§ EXERCISE:
With the pictures left out, print exactly the lines below that run from the one containing "2.5畳 、 洋室 8畳 |" through the one containing "图3 在左旋圆偏振和右旋圆偏振光垂直入射下设计的中心聚焦超透镜".

§ ENTRIES SUPPLIED:

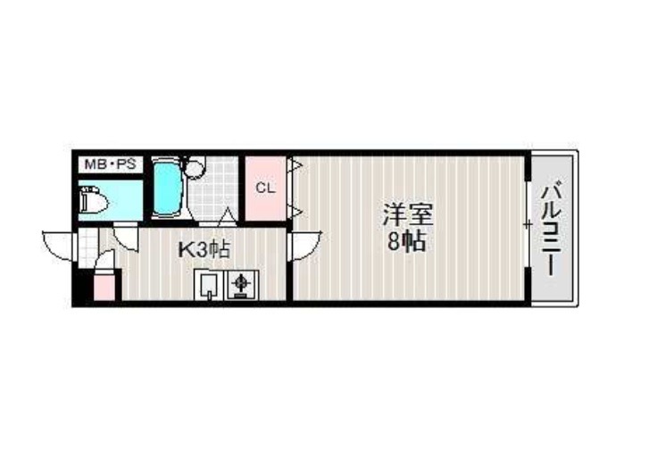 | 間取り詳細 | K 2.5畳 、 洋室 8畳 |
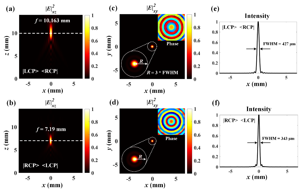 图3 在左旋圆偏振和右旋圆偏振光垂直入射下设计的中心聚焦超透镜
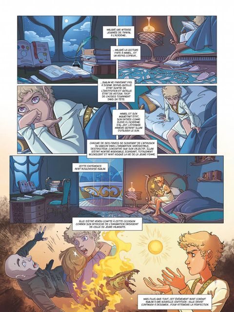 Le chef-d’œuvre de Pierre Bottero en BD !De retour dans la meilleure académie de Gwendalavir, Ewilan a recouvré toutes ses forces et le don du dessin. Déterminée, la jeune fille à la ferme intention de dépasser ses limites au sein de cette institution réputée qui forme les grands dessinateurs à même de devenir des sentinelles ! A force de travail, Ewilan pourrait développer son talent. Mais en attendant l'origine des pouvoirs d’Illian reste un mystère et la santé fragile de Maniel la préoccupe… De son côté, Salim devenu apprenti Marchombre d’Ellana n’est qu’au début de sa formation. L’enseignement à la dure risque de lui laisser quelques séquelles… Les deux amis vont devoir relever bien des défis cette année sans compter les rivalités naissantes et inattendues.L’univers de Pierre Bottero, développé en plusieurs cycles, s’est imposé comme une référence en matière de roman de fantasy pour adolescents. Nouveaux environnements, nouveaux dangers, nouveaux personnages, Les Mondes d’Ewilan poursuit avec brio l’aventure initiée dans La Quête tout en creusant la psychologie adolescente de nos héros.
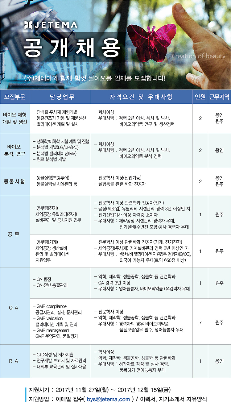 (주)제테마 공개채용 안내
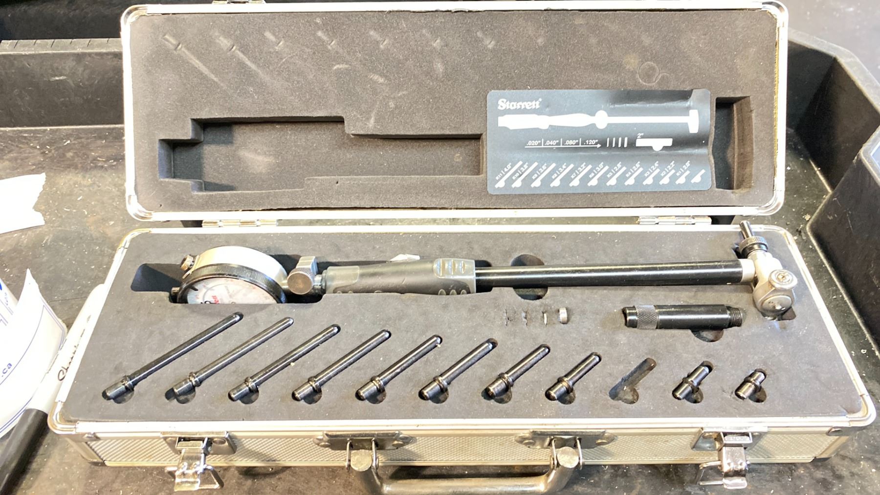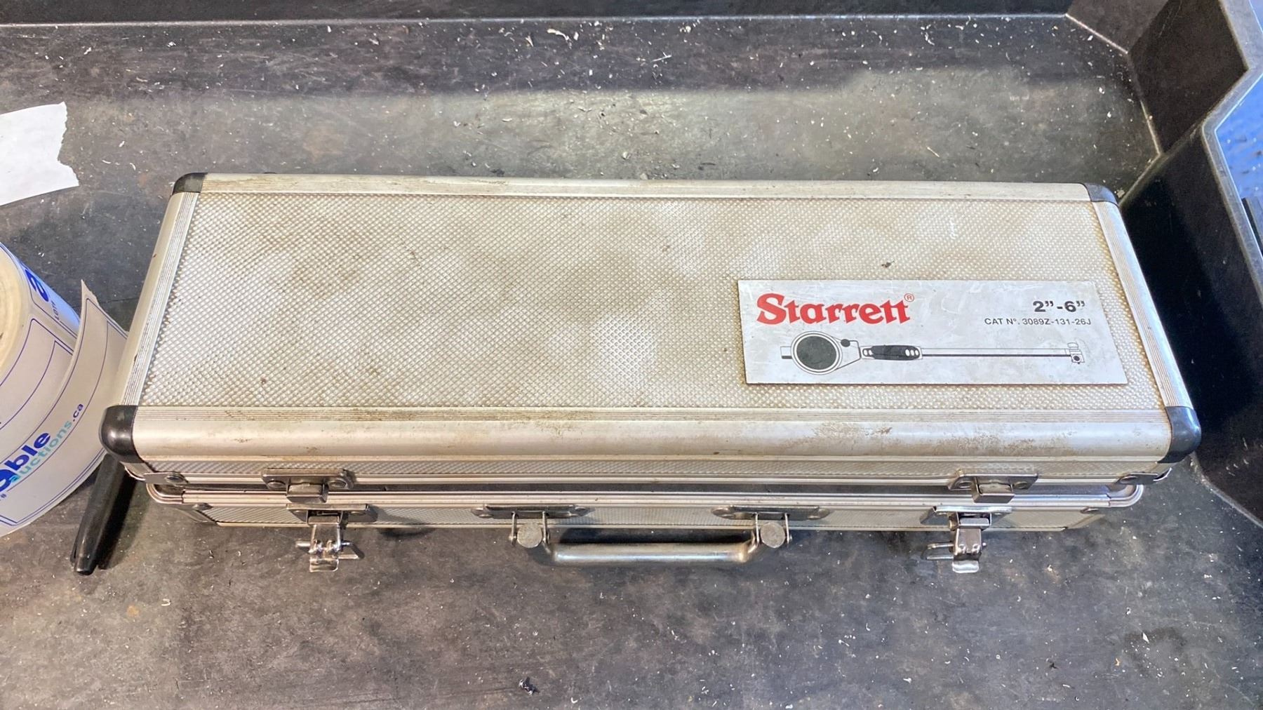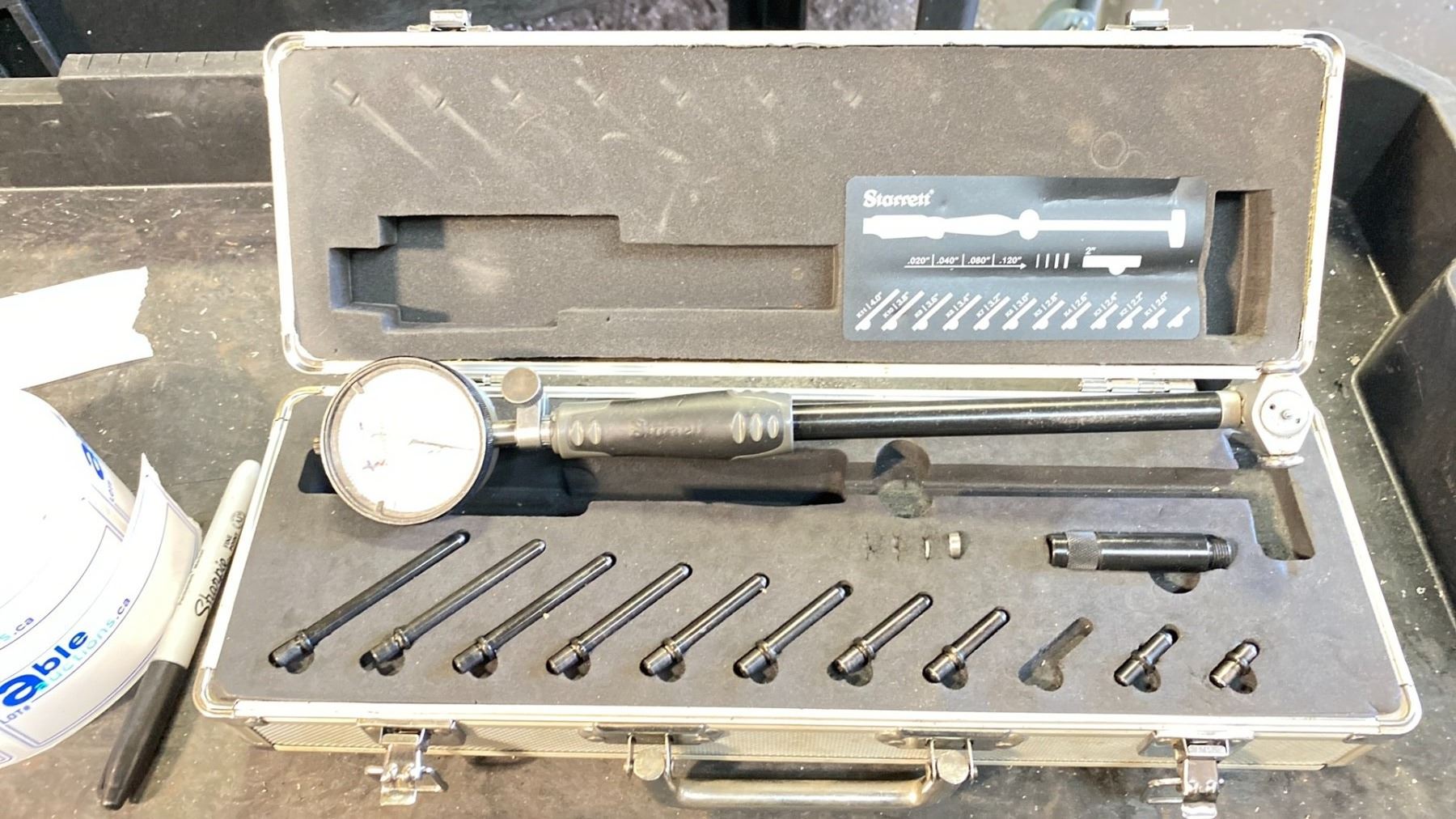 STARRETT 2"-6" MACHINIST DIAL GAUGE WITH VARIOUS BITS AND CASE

==

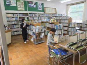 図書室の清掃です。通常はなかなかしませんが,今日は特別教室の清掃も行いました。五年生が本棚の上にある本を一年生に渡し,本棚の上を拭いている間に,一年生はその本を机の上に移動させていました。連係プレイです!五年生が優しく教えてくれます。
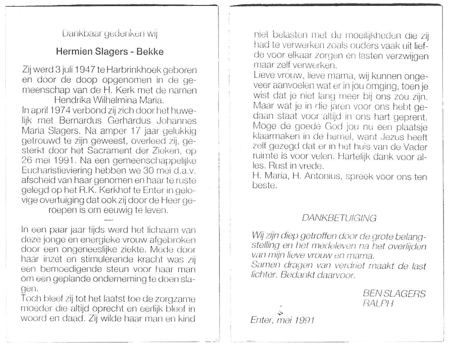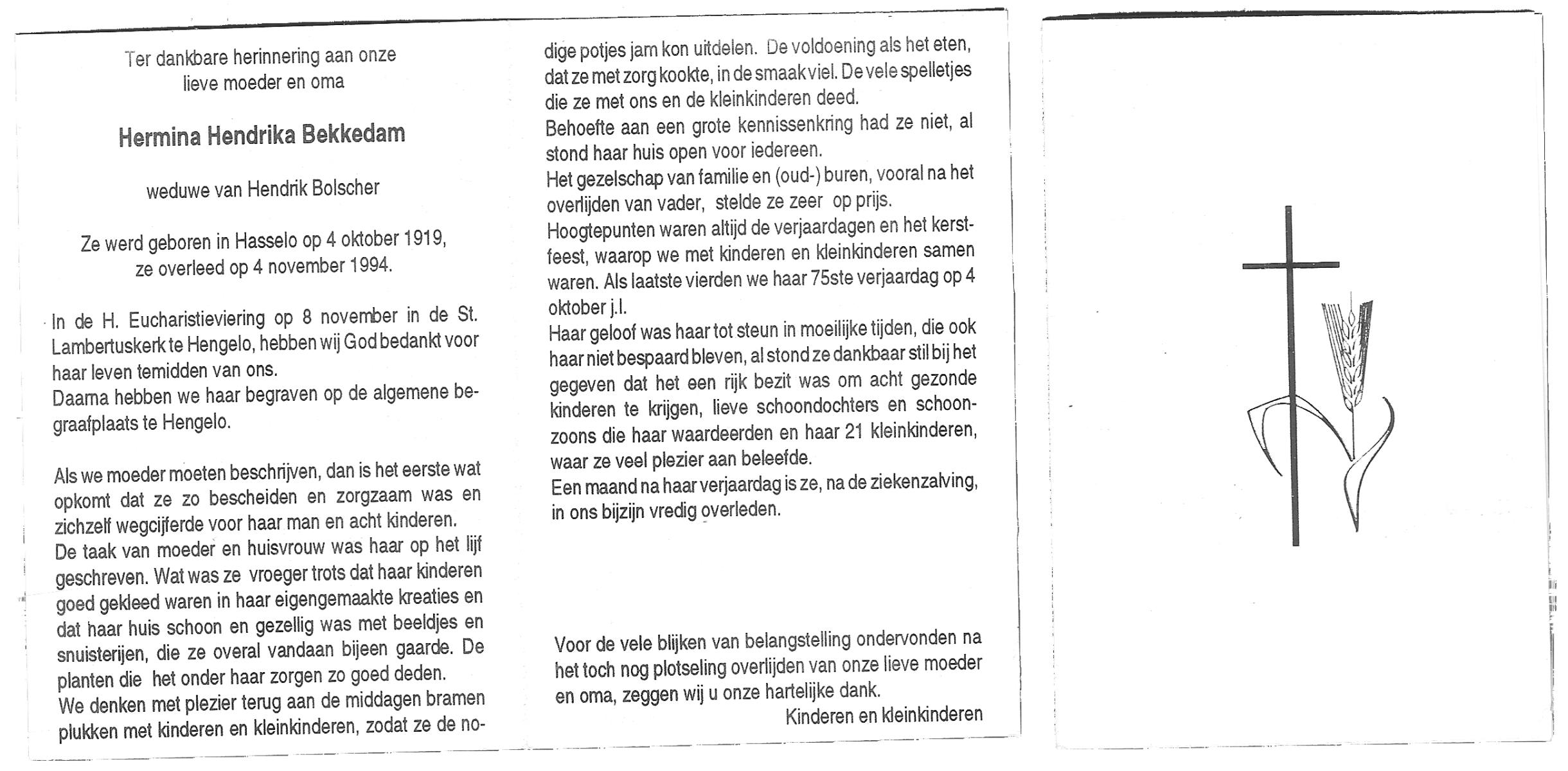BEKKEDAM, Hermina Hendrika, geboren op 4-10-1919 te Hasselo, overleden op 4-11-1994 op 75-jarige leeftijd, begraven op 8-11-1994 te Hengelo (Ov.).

§ RESPONSE AREA:
 | 間取り詳細 | K 2.5畳 、 洋室 8畳 |
 图3 在左旋圆偏振和右旋圆偏振光垂直入射下设计的中心聚焦超透镜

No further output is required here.